Complete Genome Sequences of Classical Swine Fever Virus Isolates Belonging to a New Subgenotype, 2.1c, from Hunan Province, China

GENOME ANNOUNCEMENT

Classical swine fever (CSF) is a highly contagious viral disease of pigs caused by classical swine fever virus (CSFV) and is one of the Office International des Epizooties (OIE) notifiable diseases (1). CSFV is a single-stranded, positive RNA virus of the genus Pestivirus within the family Flaviviridae. Phylogenetic analysis has divided CSF viruses into three phylogenetic groups (1, 2, and 3), with each group being divided into three or four subgenotypes (1.1 to 1.3; 2.1 to 2.3; 3.1 to 3.4) (2). CSFV subgenotype 2.1 has been further divided into 2.1a and 2.1b (3, 4). In mainland China, several genotypes of CSFV strains (1.1, 2.1, 2.2 and 2.3) are largely responsible for CSF outbreaks (5), and CSFVs of subgenotype 2.1b have predominated since the 1990s (6, 7, 8). During 1989–2003 in Taiwan, a dramatic switch from subgroup 3.4 to 2.1 was observed, with subgroup 2.1a viruses predominating from 1995 onwards (4).
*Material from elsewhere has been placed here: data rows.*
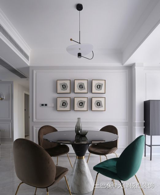 圆形餐桌使动线流畅,餐桌造型轻盈,和悬浮感吊灯相呼应。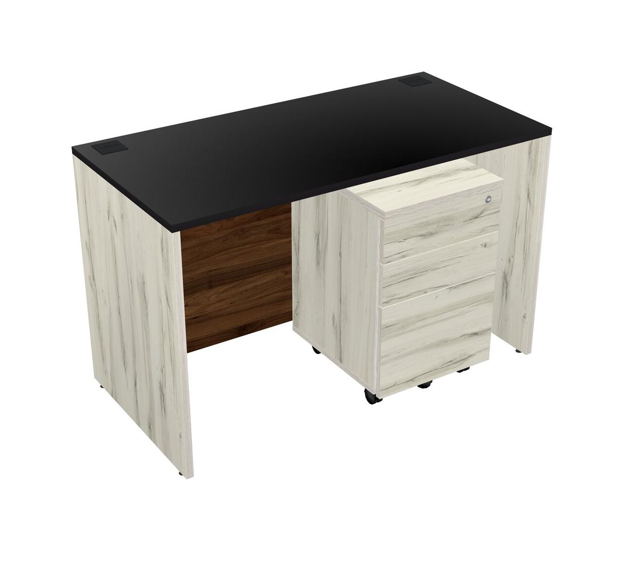 Black Rectangular Office Desk Plus Heinne Holz Wooden Mobile Drawers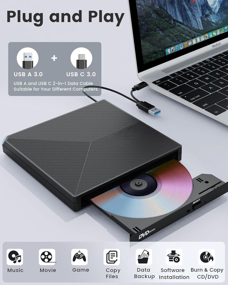 Unidad de DVD Externa Amicool USB 3.0 Tipo-C, Unidad Óptica de CD/DVD +/-RW, Grabadora USB C, Grabadora/Reproductora de CD/DVD ROM Delgada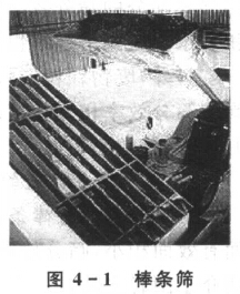 棒条筛(GrizZly screen)由一组具有一定断面形状的棒条所组成。如图4—1所示,这些捧条平行安放,棒条与棒条之间的间隙即筛孔尺寸。棒条筛安装倾角应大于废物对筛面的摩擦角,一般为30°一35°,以保证废物沿筛面下滑。棒条筛筛面的筛孔尺寸为要求筛下产品粒度的1.1—1.2倍,一般筛孔尺寸不小于50 mm。物料从棒条一端给入,并顺棒条方向运动,细粒穿过缝隙成为筛下物,粗粒从端面的末端排出。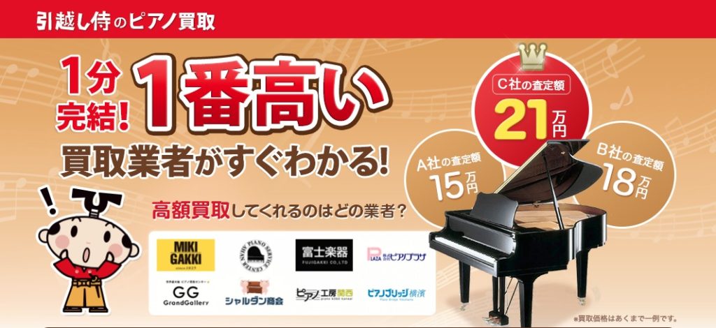 引越し侍のピアノ買取は、一番高く買い取ってくれる買取業者が分かる一括査定サイトです。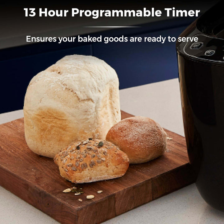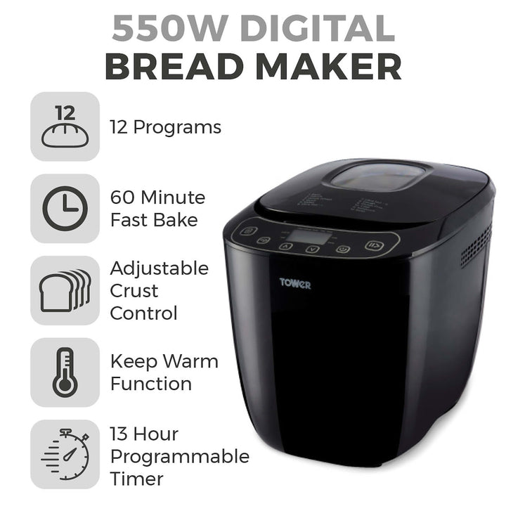 ake a delicious loaf of bread in no time with this Tower Digital Bread Maker. It features 12 automatic programs, which offer a variety of options for baking white bread, French bread, wholemeal bread and an ultra-fast function to make a loaf in under an hour.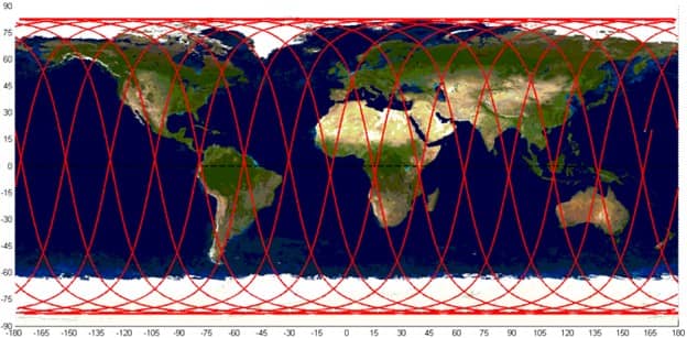 As a satellite orbits on its given inclination, it creates a ground track that shifts across the Earth. For LEO orbits, a single track is between 90 minutes and 2 hours, resulting in 12 to 16 tracks across the Earth in a 24-hour period. A satellite in an 85-degree inclination orbit and the associated 24-hour ground track are shown in the following diagrams.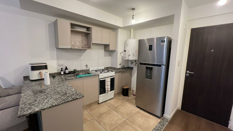 Ingreso a estar-comedor con pisos de madera flotante, y sector de cocina incorporada muy equipada (alacena, bajo mesada, artefacto de cocina y termotanque a gas instalados).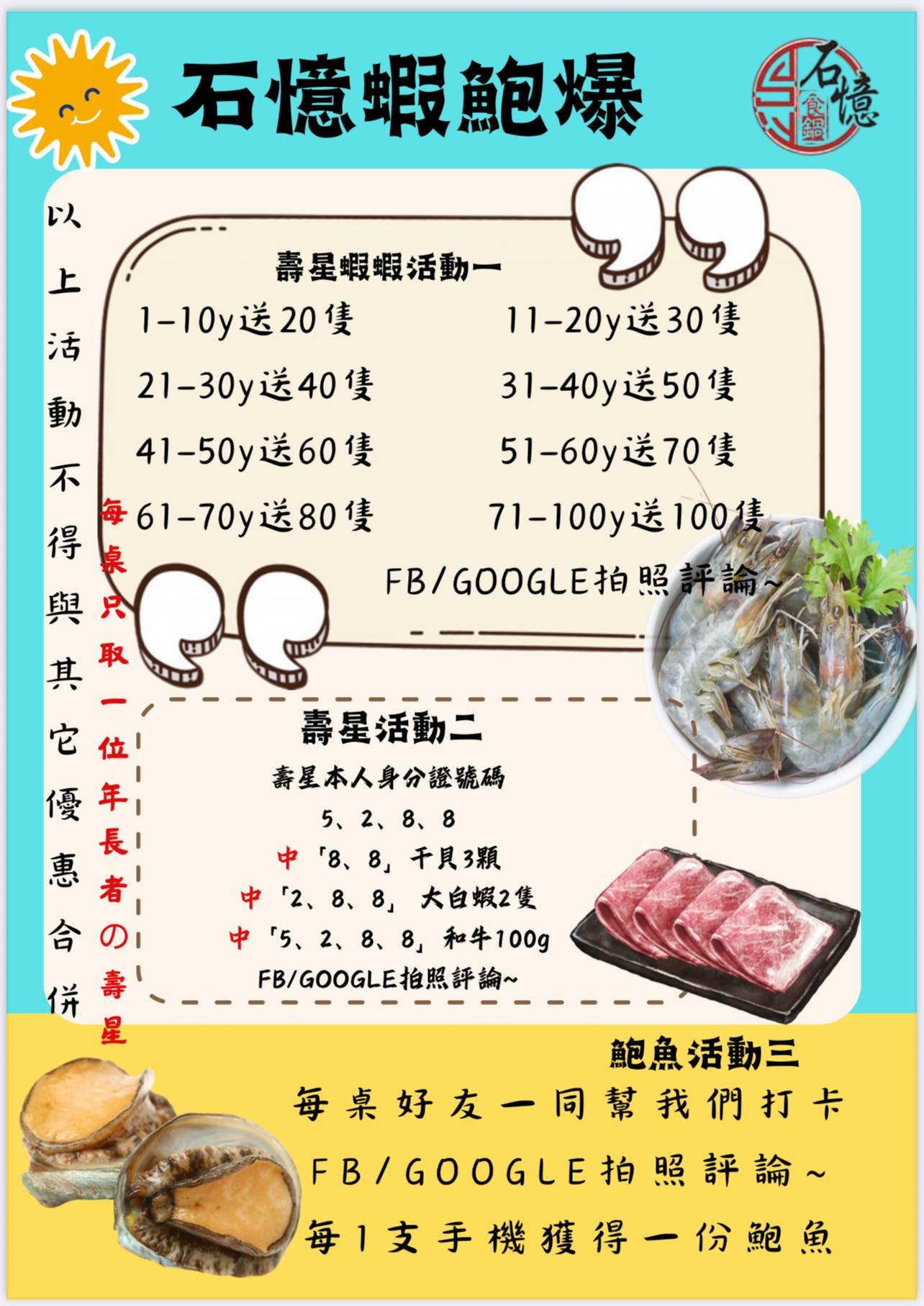 石憶食鍋不只餐點澎湃,還很會營造「儀式感」。如果是當月壽星,出示證件就能拿到「對應年齡數量的蝦」,對中號碼還可以獲得海鮮加料,超可愛又實在!生日聚餐必衝!而且店家也不時會推出節慶活動,像是母親節送龍蝦、中號福碼抽鮑魚⋯⋯詳情可以參照店家的 FB粉專

During 2011 and 2012, we isolated two CSFVs, HNLY-2011 and HNSD-2012, from intensive pig farms in Hunan Province, China. The full nucleotide sequences were obtained from seven overlapping fragments amplified by reverse transcription-PCR. The amplified PCR products were purified and cloned into vector PMD-18, and the recombinant plasmids were sequenced with an ABI 3730 XL genome sequencer (Sangon Company, Shanghai, China). Sequences were assembled and manually edited to produce the final genome sequences. Comparative phylogenetic analysis with 34 previous isolates (GenBank) located the two isolates into a new CSFV subgroup, 2.1c.
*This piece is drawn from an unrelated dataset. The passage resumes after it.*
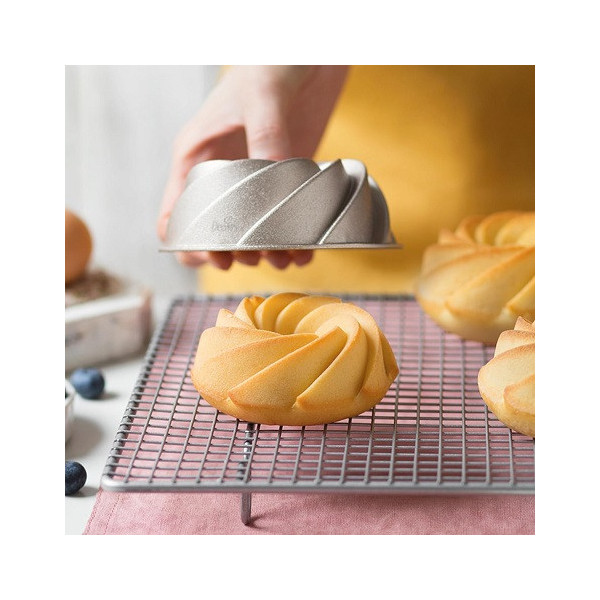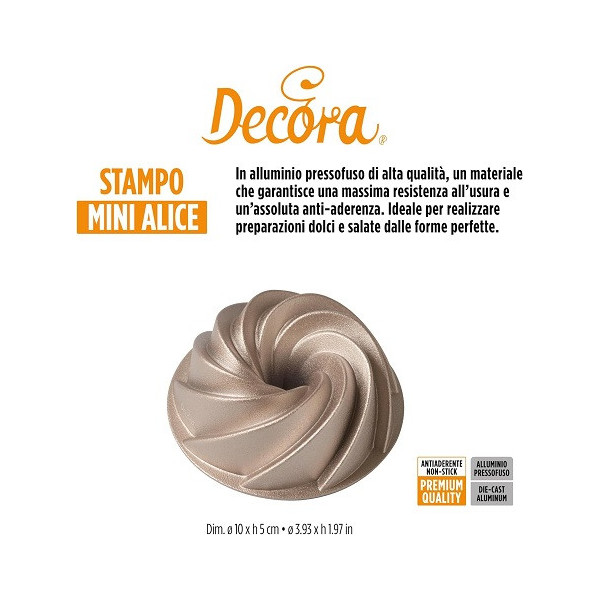 Mini Alice Decora: stampo in alluminio pressofuso antiaderente, color champagne di alta qualità per uso intensivo e professionale, stampo bundt cake, piccola ciambella da 10 cm x h 5 cm.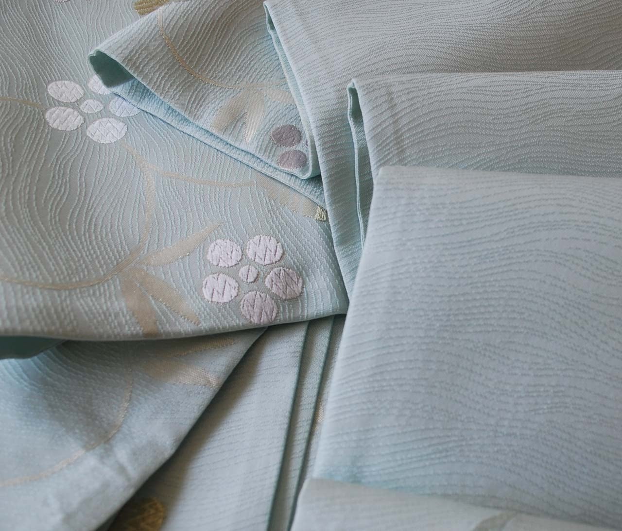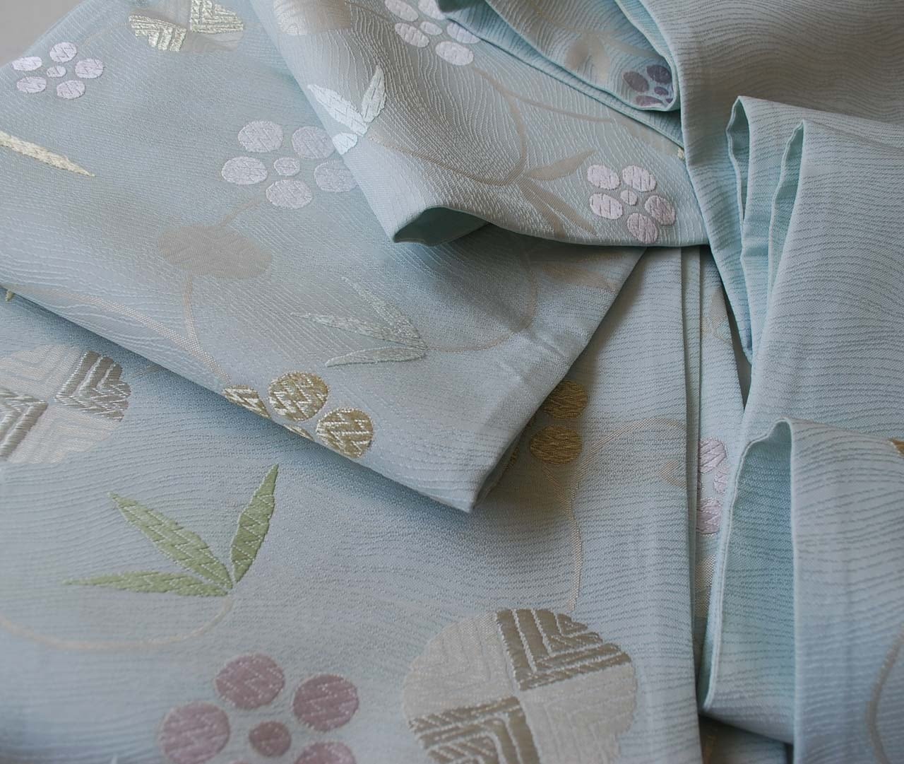 【ふくろ帯 】西陣ふくい謹製 白藍色 笹蔓文 ふくろ帯

The complete genome sequences of isolates HNLY-2011 and HNSD-2012 are both 12,296 nucleotides (nt) in length, with a 5′ untranslated region (UTR) of 372 nt and a 3′ UTR of 227 nt. A single large open reading frame (ORF) (11,697 nt) is found in these two genomes between nt positions 373 and 12069 and is capable of coding for a polyprotein of 3,898 amino acids. The difference in the complete genome sequences between HNLY-2011 and HNSD-2012 was only 1.3%. However, a more significant level of nucleotide difference was detected as 6.4 to 7.6% and 7.1 to 7.8% between these isolates and those of subgenotypes 2.1a and 2.1b CSFVs, respectively, indicating that these two isolates are more closely related to subgenotype 2.1a than to 2.1b. Inferred amino acid sequences of the polyproteins of the two isolates, HNLY-2011 and HNSD-2012, together differed from subgenotypes 2.1a and 2.1b by 2.5 to 3.4% and 3 to 3.8%, respectively, while that between subgenotypes 2.1a and 2.1b CSFVs differed by 2.2 to 3.9%. The most significant difference in the polyproteins of HNLY-2011 and HNSD-2012 from other genotypes is an SPA → TPV amino acid substitution at positions 777 and 779 in the E2 protein. These findings provide strong evidence for substantial genetic variation within subgenotype 2.1 CSFVs, which may have implications for the prevention and control of CSFV infection in pigs. Taken together, these data support that HNLY-2011 and HNSD-2012 represent a new branch within subgenotype 2.1.

This is the first report of complete genome sequences of CSFV subgenotype 2.1c isolates. The new genome sequences may contribute to further understanding phylogeny and molecular diagnosis of CSFV.